_Data block_
——

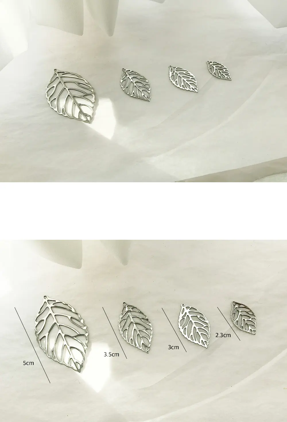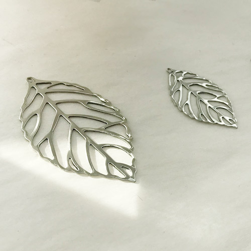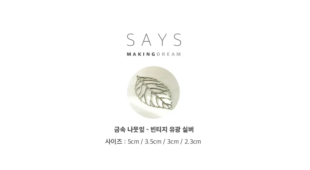 5cm / 3.5cm / 3cm / 2.3cm 총 4가지 사이즈의 유광 실버 금속나뭇잎입니다.
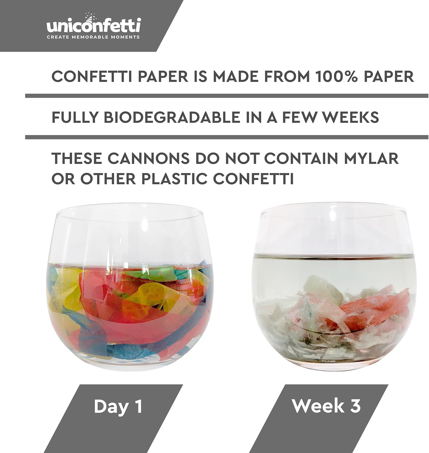 - π QUICK TO CLEAN - No Mess Streamer Poppers. Take seconds to clean compare to the small pieces of confetti papers.
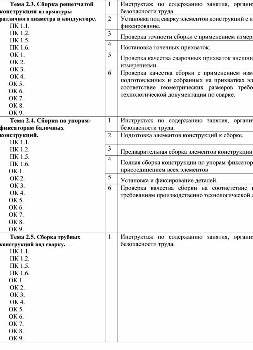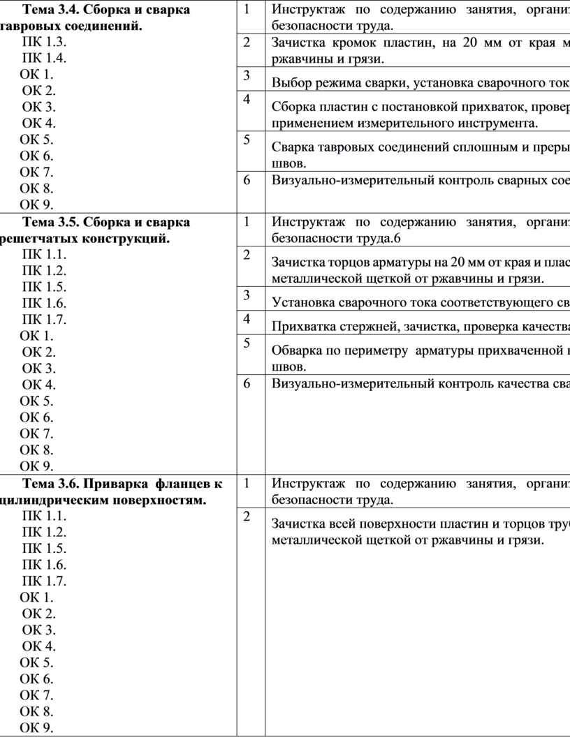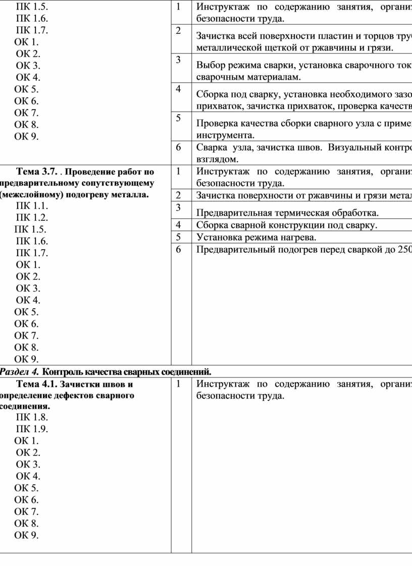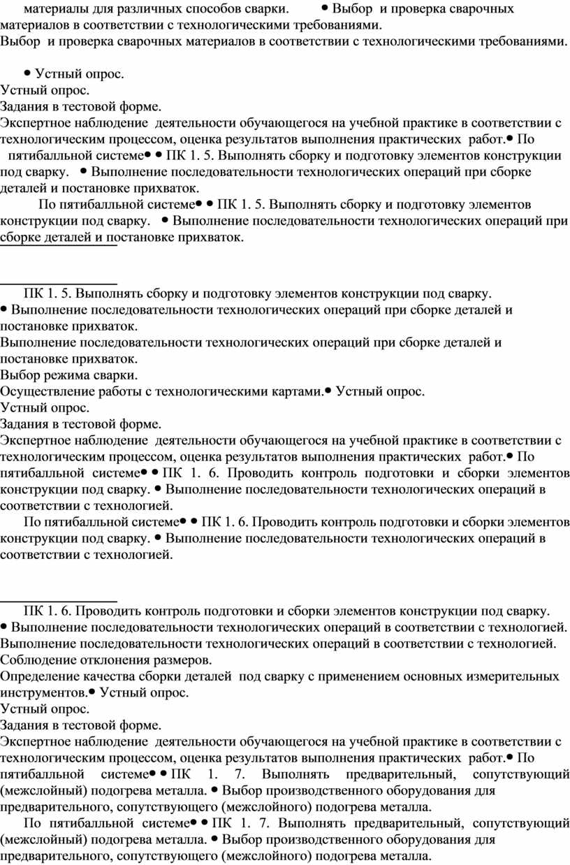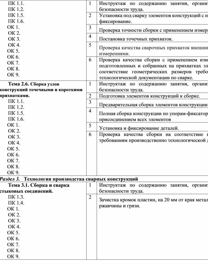 ПК 1. 6. Проводить контроль подготовки и сборки элементов конструкции под сварку. |

——

_Problem to work on_
Without the pictures, write out the whole listing above exactly as it appears.

_Result for this task_
 5cm / 3.5cm / 3cm / 2.3cm 총 4가지 사이즈의 유광 실버 금속나뭇잎입니다.
 - π QUICK TO CLEAN - No Mess Streamer Poppers. Take seconds to clean compare to the small pieces of confetti papers.
 ПК 1. 6. Проводить контроль подготовки и сборки элементов конструкции под сварку. |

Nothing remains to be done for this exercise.